Large Language Models LLMs and Natural Language Processing (NLP)

Googe Nested Learning

In their recent seminal work, Google Research introduces the “Nested Learning” paradigm—an evolution in machine-learning architecture that reframes the model-training problem as a hierarchy of interconnected optimisation loops rather than a monolithic process.

Historically, large language models (LLMs) excel through scale and context windows, yet they face a foundational limitation: the inability to retain and build upon new knowledge while preserving prior capabilities, otherwise known as catastrophic forgetting. Unlike neural networks frozen after pre-training, the human brain adapts continuously: short-term working memory, mid-term skill acquisition, long-term memory consolidation. Nested Learning borrows this multi-time-scale structure.

At its core, the paradigm posits that architecture and optimisation are not separate—they are nested levels of the same learning system.
Each level (“component”) possesses its own context flow and update frequency.
The proposed architecture, named HOPE, exemplifies this: a self-modifying recurrent system with “continuum memory systems” (CMS) that update at diverse frequencies, enabling long-context retention, incremental learning without catastrophic forgetting, and superior language-modelling performance.

Indeed, it is clear that the current way to train and inference LLM is not optimized and extremely costly in terms of time and resources. The future I foresee will resolve this issue is a more dynamic less rigid infrastructure that will learn in real time or much mor easily compared with the current transformers.

Advantages of HOPE architecture

Enhanced capacity for long-context reasoning: HOPE demonstrates lower perplexity and higher accuracy than standard transformers on long-sequence tasks.
Continual learning without degradation: The CMS framework means learning new tasks doesn’t necessarily overwrite older knowledge.
Architectural unification: By treating the optimiser as an associative memory module nested within the model, the paradigm opens new routes for architectural innovation.
Richer memory hierarchy: Unlike traditional models with short-term (context window) and long-term (pre-trained) memory only, Nested Learning introduces a spectrum of update-frequencies enabling “continuum memory”.

Limitations

The architecture of nested optimisation loops and self-modification adds significant design and engineering overhead.
Although HOPE shows promising results in the paper, full benchmarking across domains remains limited; generalisation to all agent-systems remains to be proven.
Maintaining multiple update-frequencies and nested modules may increase compute and memory footprint compared to conventional architectures.
Interpretability and safety concerns: Self-modifying models (e.g., HOPE) may raise issues of control, transparency, and unintended behaviours.

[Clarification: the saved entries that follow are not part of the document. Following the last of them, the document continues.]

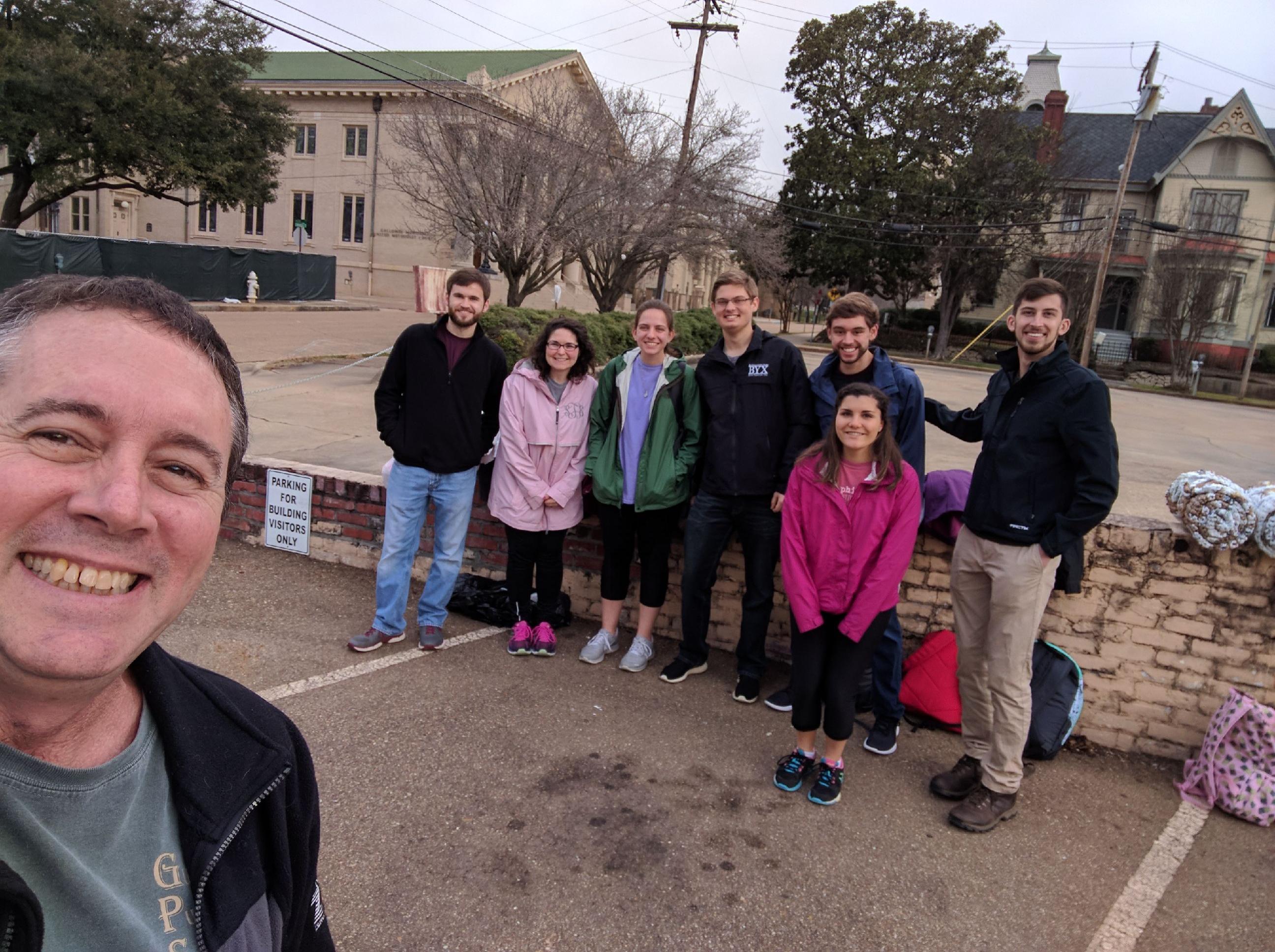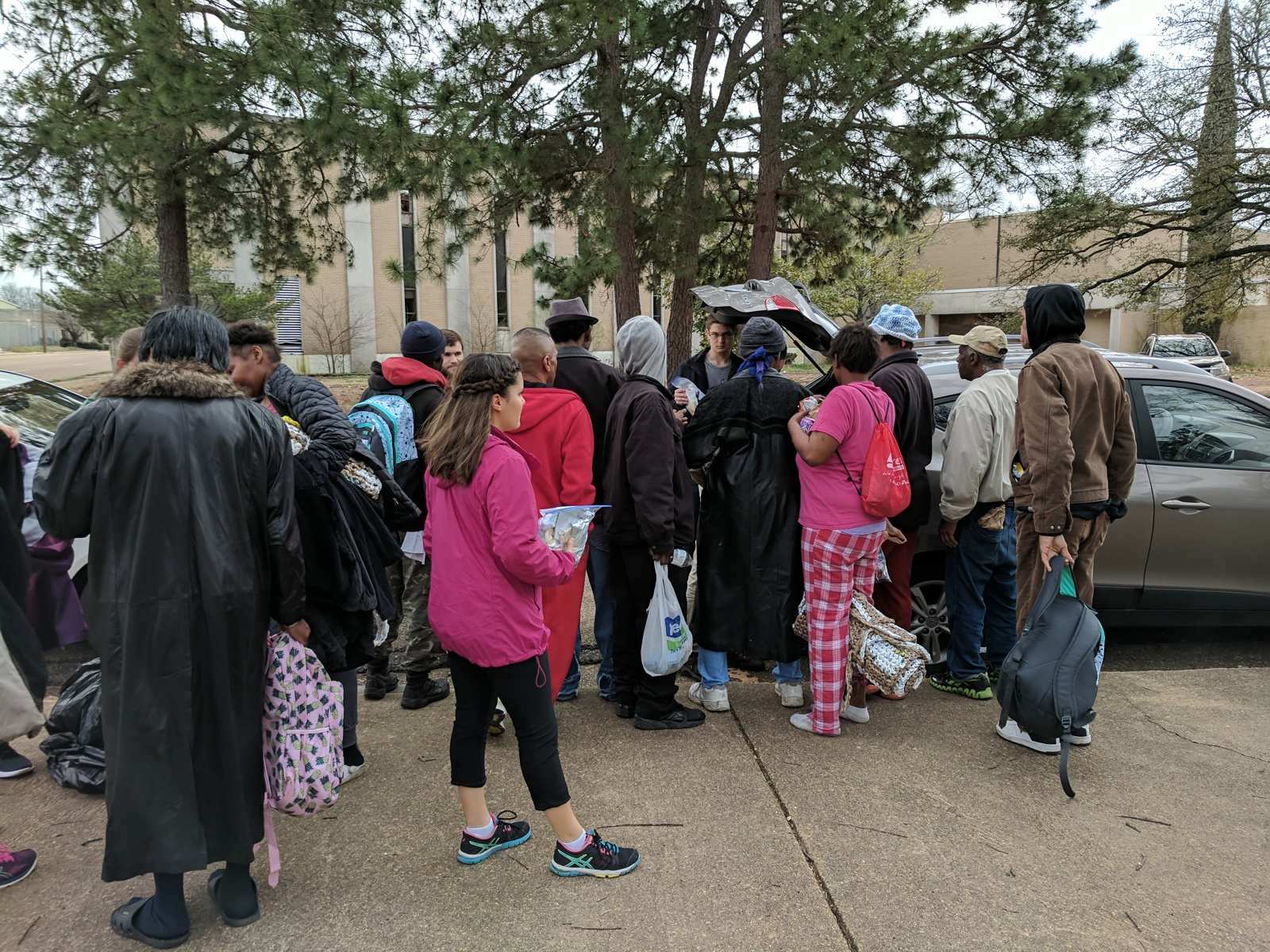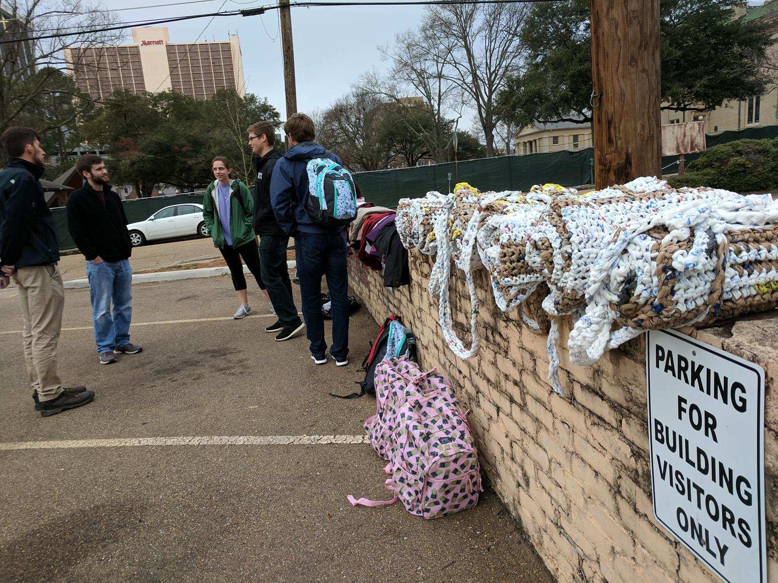 JACKSON – Volunteers from Mississippi State University’s Catholic Campus Ministry have started traveling to Mississippi’s capital city once a month to meet with and visit the homeless. “The project was inspired by our trip to the SEEK Conference in San Antonio, Tx in January 2017. There was a group at the conference named Christ in the City from Denver, Colorado,” explained Dawn McGinley, campus minister at Starkville St. Joseph Parish. “Their goal is to talk to the homeless – to connect with them and help them to see they have dignity. This inspired our group, so that is our goal. We bring relief bags which include basic necessities such as socks, lip balm, toothpaste, toothbrushes, soap, shampoo, underwear, tissues, etc.,” she added.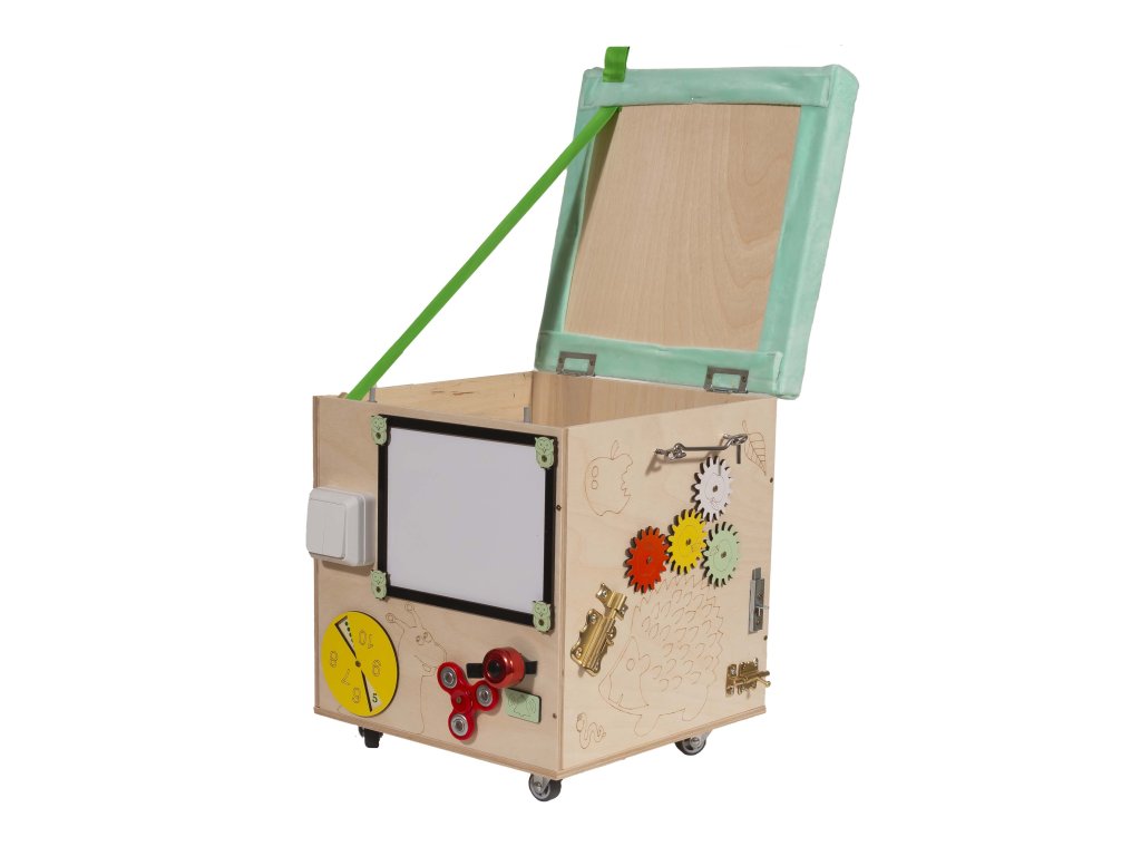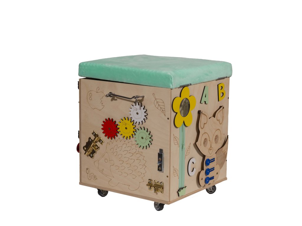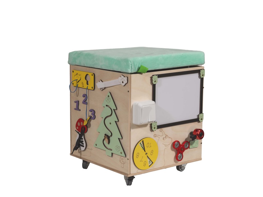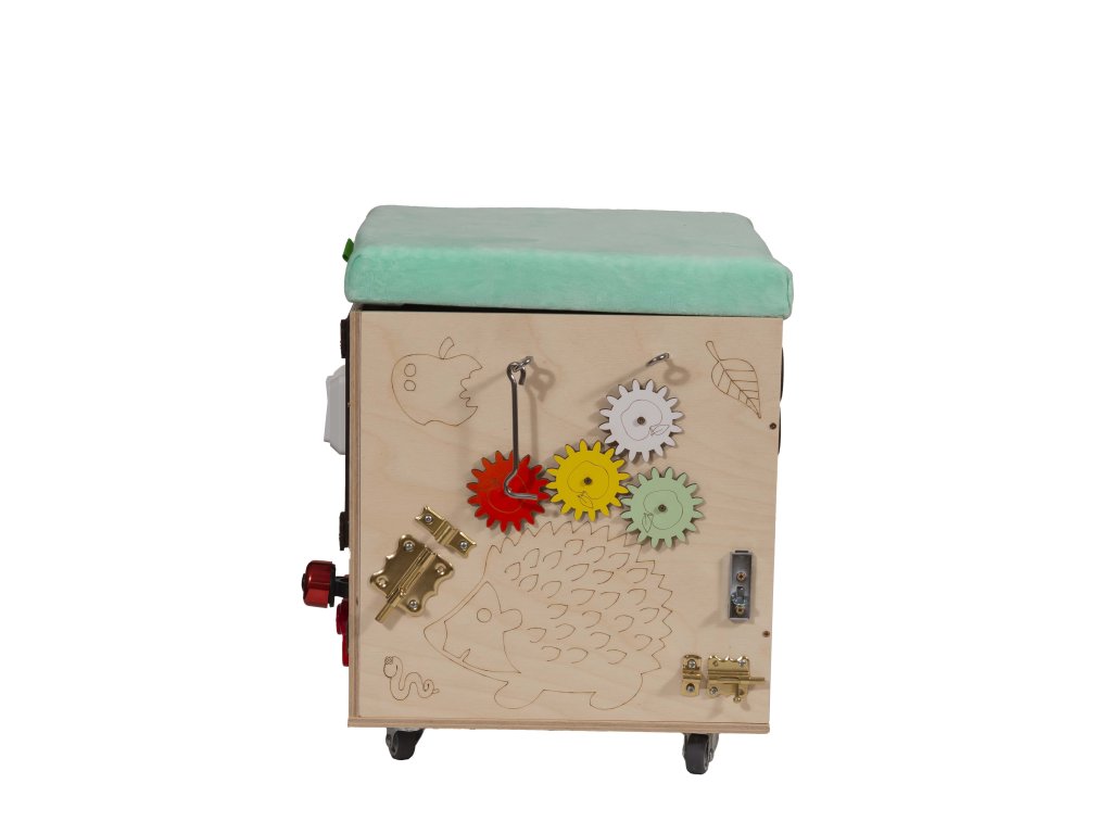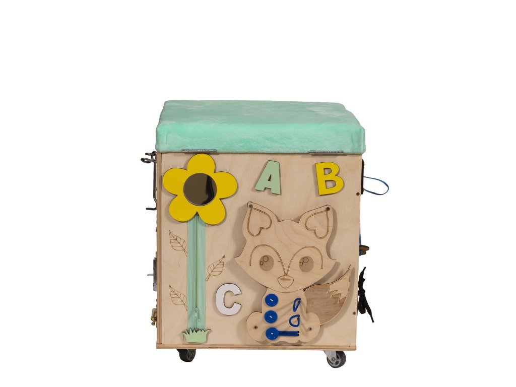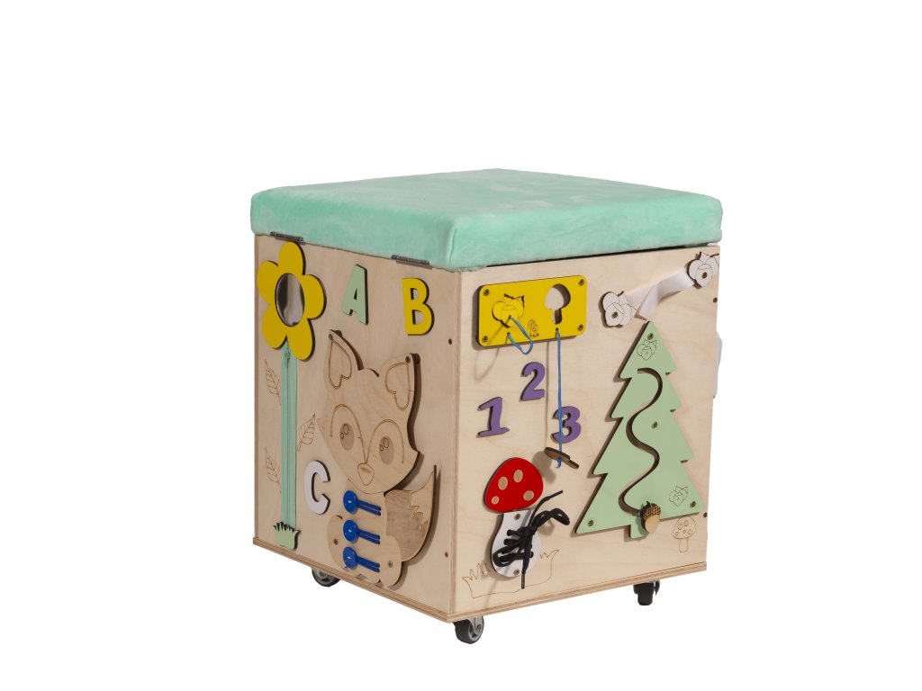 Manipulační puf LAS s pohyblivými kolečky a výukovými pomůckami. Zábavný nábytek se šňůrkou, tabulkou na psaní a zipem. Ideální pro učení a hraní. Měkké sedátko s houbou a fleecem. Zvyšuje kreativitu a dovednosti.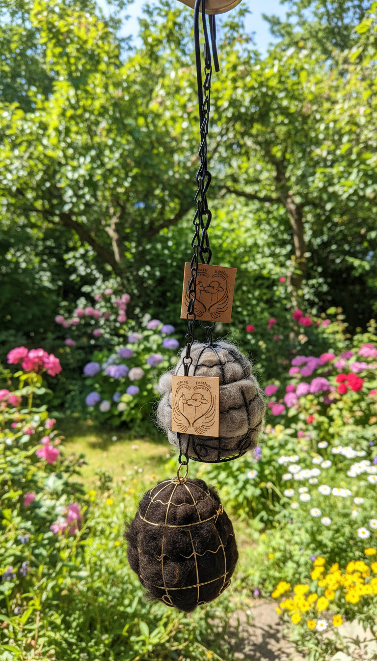 - Metallkugel mit Alpaka-Rohwolle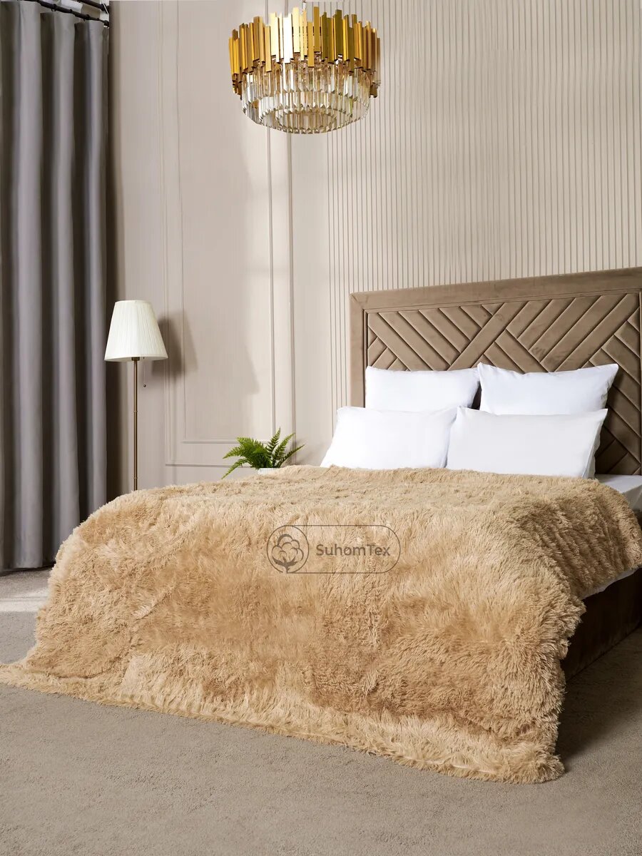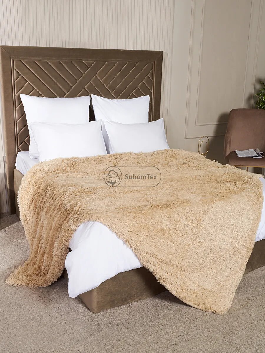 Купить Плед пушистый на кровать евро 220х240 бежевый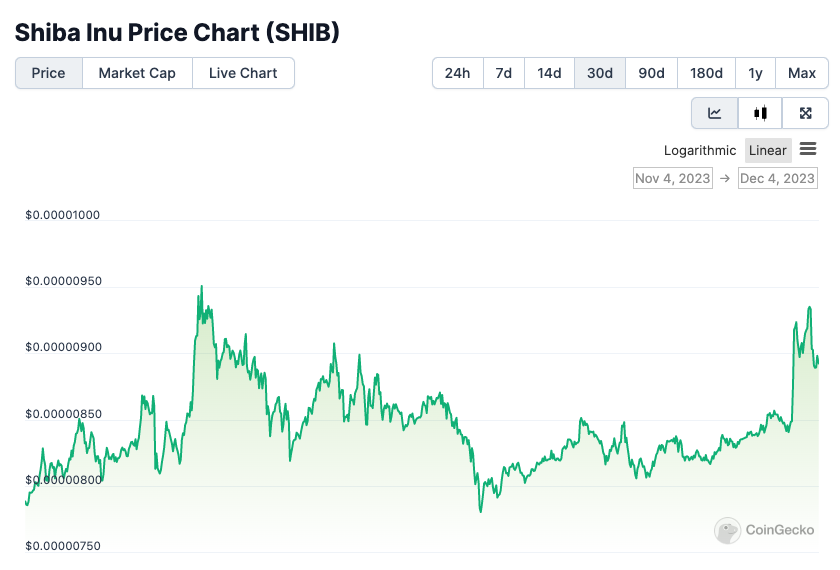 5일 오전 3시 기준, SHIB는 일주일 전 대비 9.4% 상승한 0.00000893달러를 기록했습니다.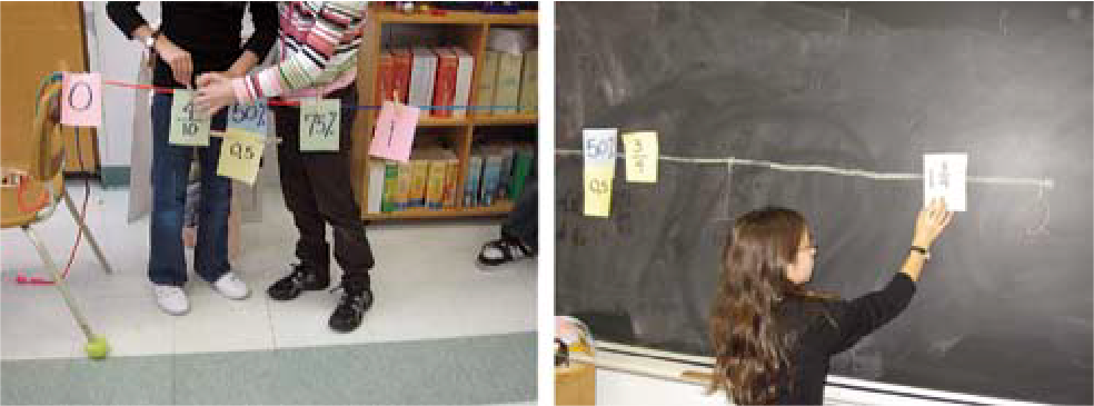 Inscrire des fractions, des nombres fractionnaires, des nombres naturels et des nombres décimaux sur des cartes éclair. Placer deux cartes sur une corde à linge (ou sur une droite numérique). Demander à un ou à une élève de venir choisir au hasard une carte éclair et de la placer sur la corde à linge (ou la droite numérique) en tenant compte de l’ordre et de l’espace entre les nombres. Lorsque l’élève place sa carte, il ou elle doit justifier son choix d’emplacement et répondre aux questions qui peuvent lui être posées. Poursuivre l’activité en invitant tour à tour d’autres élèves à effectuer la même démarche.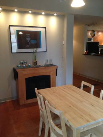 This is truly loft-style living with an opened floor plan and comfortable finishes. A relaxing living room with leather furniture looks out onto the bustling city life. The kitchen is perfect for throwing together tasty dinners in a snap. Set the ambiance in the dining room with an electric fire place (that also doubles as an additional heater in the winter). The bedroom has a view of the capitol most of the year (after the leaves fall from the tree outside the window). A small office area with a desk and chair would be the perfect place to work on your next big project.

Continual learning in modern ML has been constrained by catastrophic forgetting — Nested Learning tackles this by aligning memory update rates. Treating architecture and optimiser as a unified, nested system opens a new dimension in model-design.
The notion of a “continuum memory system” (CMS) realises memory as a spectrum of modules rather than a binary short/long-term divide. Agents built with Nested Learning principles could shift from “responding” to “experiencing” — true self-improving systems. While scale has dominated ML headlines, the research indicates the next frontier is how models learn, not just how large they are.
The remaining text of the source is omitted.